◆ WHAT YOU NEED TO DO ◆
What is wanted is every line below from the one with "本標準適用于鐵礦選礦單位產品能耗的計算、考核及新建項目的能耗控制。" up to and including the one with "Zapatillas Adidas Gazelle", retyped exactly, pictures excluded, nothing else.

◆ GIVEN DATA ◆
[Start of Attachment]

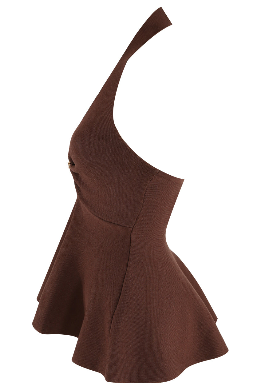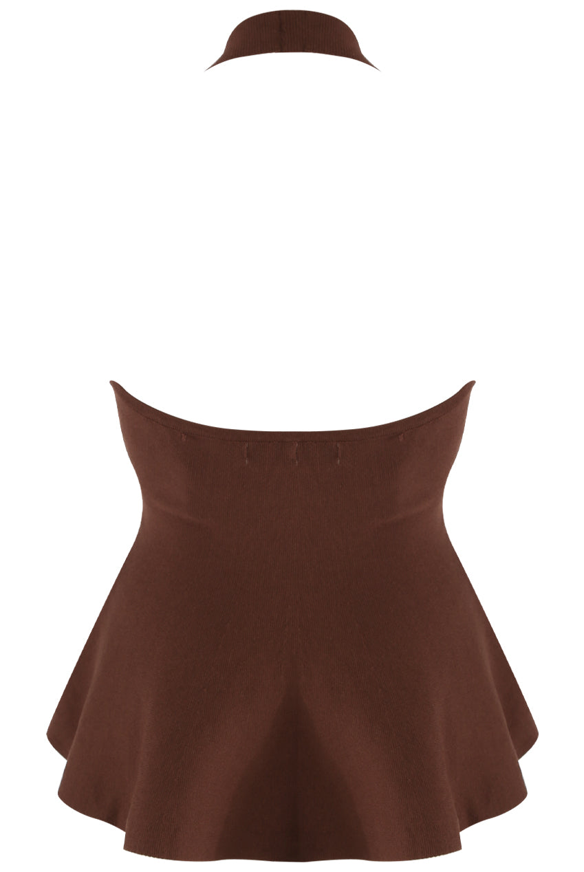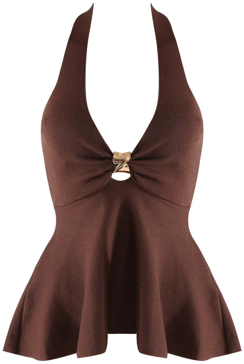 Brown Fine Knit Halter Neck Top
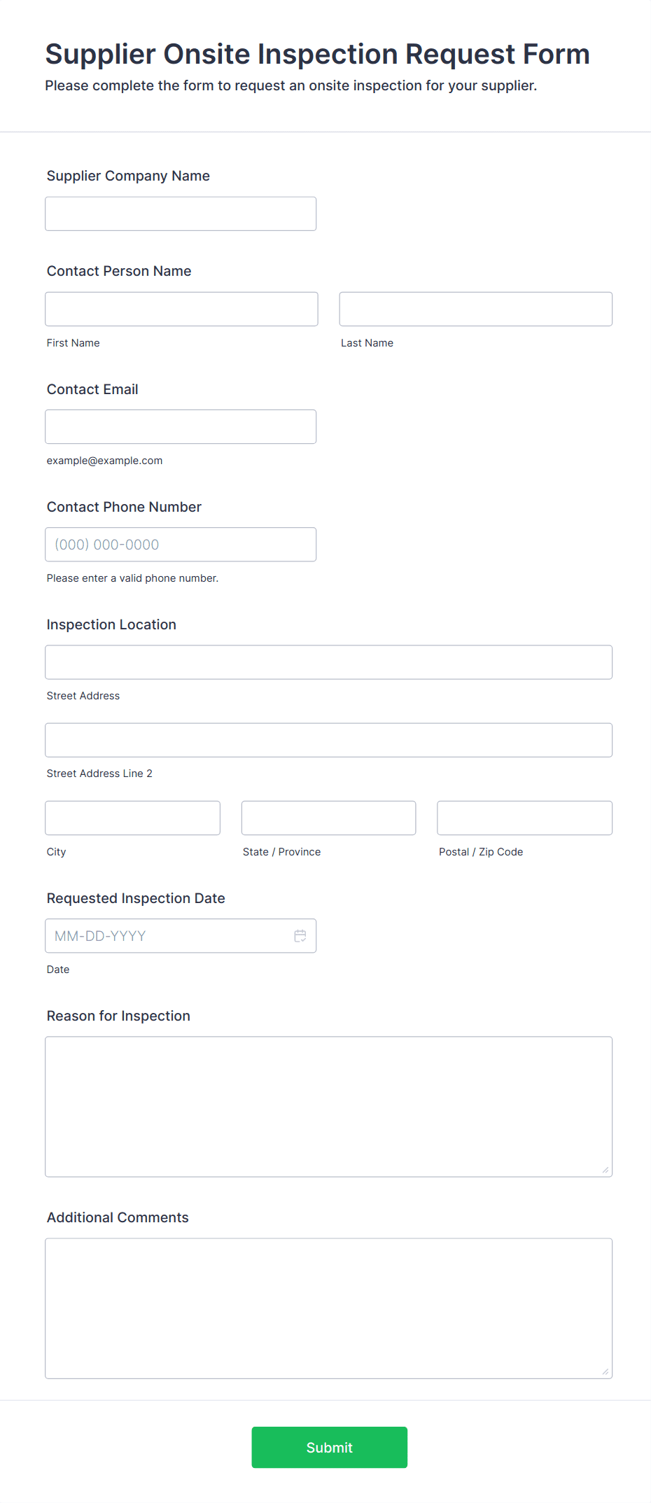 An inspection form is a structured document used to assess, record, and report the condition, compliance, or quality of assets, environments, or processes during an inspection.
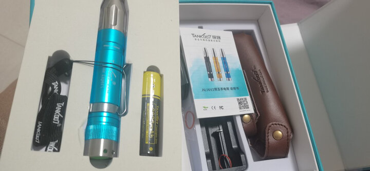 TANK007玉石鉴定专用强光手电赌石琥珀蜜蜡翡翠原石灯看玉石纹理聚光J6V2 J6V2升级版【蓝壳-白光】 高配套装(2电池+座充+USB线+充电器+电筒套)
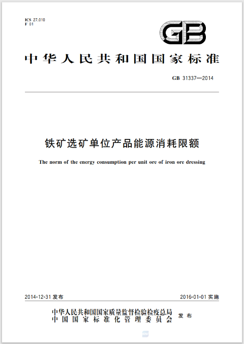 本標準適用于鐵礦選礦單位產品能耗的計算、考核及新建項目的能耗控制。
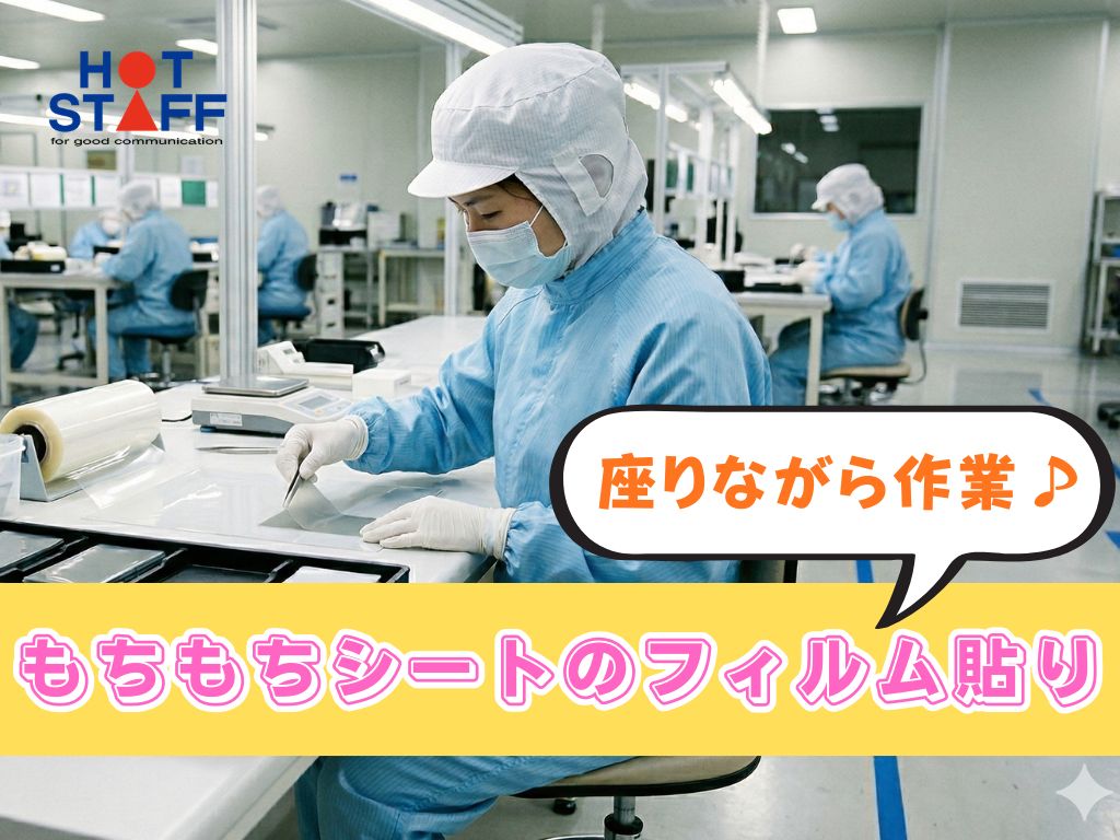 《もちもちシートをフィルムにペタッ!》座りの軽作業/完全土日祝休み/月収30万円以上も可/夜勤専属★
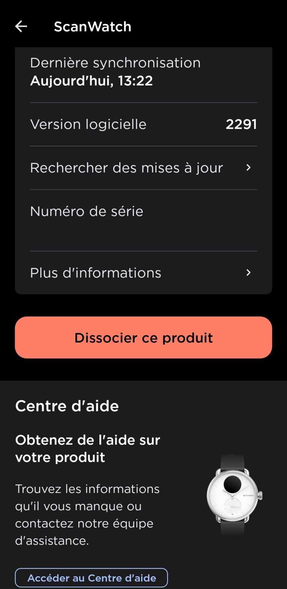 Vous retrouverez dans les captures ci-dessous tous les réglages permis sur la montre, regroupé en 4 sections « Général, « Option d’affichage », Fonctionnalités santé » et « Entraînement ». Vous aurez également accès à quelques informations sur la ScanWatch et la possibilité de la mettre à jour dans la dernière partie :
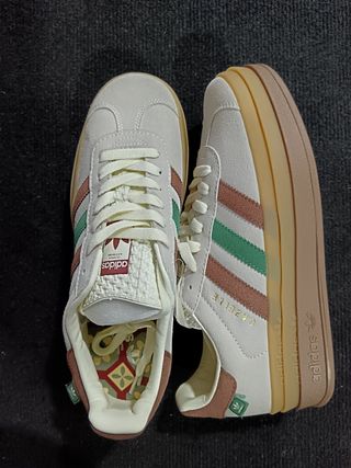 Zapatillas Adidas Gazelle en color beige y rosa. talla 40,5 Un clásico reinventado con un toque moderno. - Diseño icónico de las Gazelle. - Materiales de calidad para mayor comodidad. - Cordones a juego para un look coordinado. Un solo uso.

[End of Attachment]
[Start of Attachment]

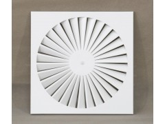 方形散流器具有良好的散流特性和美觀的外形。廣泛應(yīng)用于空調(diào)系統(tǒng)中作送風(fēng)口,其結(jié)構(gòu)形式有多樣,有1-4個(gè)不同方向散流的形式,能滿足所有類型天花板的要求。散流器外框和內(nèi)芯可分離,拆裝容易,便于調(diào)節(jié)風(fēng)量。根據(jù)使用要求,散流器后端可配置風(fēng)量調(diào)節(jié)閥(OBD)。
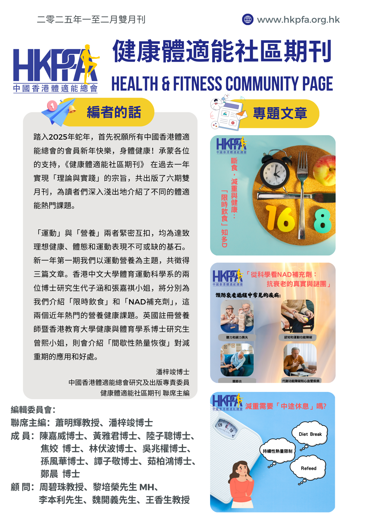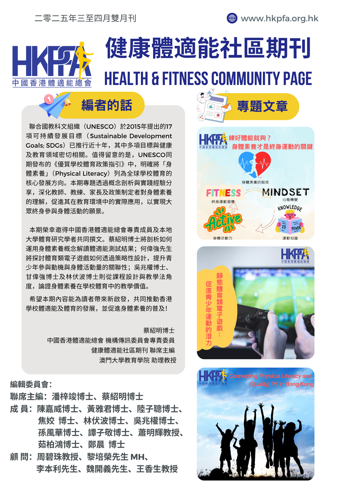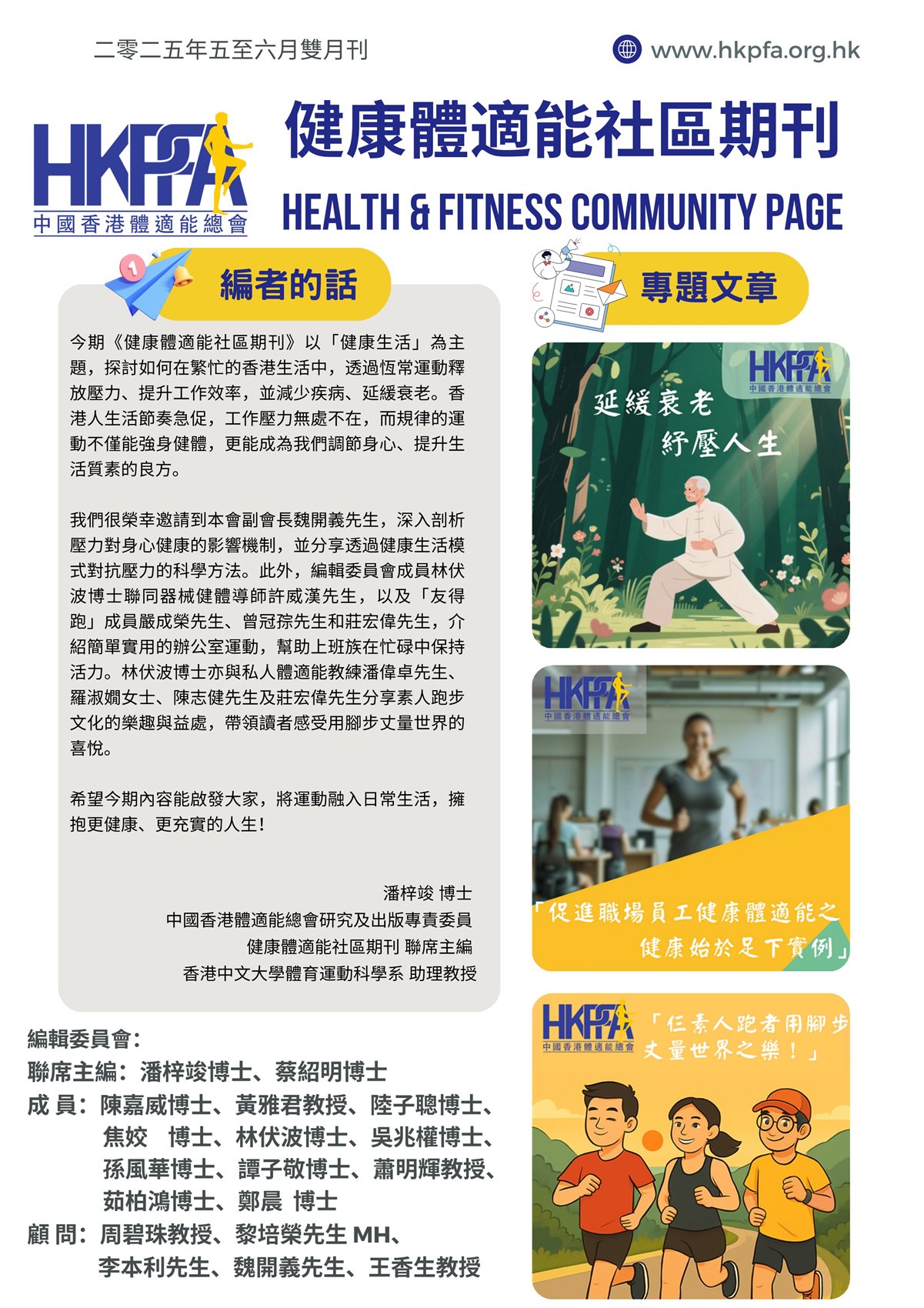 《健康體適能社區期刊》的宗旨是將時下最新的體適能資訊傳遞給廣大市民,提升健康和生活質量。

[End of Attachment]

◆ SOLUTION TO THE PROBLEM ◆
 本標準適用于鐵礦選礦單位產品能耗的計算、考核及新建項目的能耗控制。
 《もちもちシートをフィルムにペタッ!》座りの軽作業/完全土日祝休み/月収30万円以上も可/夜勤専属★
 Vous retrouverez dans les captures ci-dessous tous les réglages permis sur la montre, regroupé en 4 sections « Général, « Option d’affichage », Fonctionnalités santé » et « Entraînement ». Vous aurez également accès à quelques informations sur la ScanWatch et la possibilité de la mettre à jour dans la dernière partie :
 Zapatillas Adidas Gazelle en color beige y rosa. talla 40,5 Un clásico reinventado con un toque moderno. - Diseño icónico de las Gazelle. - Materiales de calidad para mayor comodidad. - Cordones a juego para un look coordinado. Un solo uso.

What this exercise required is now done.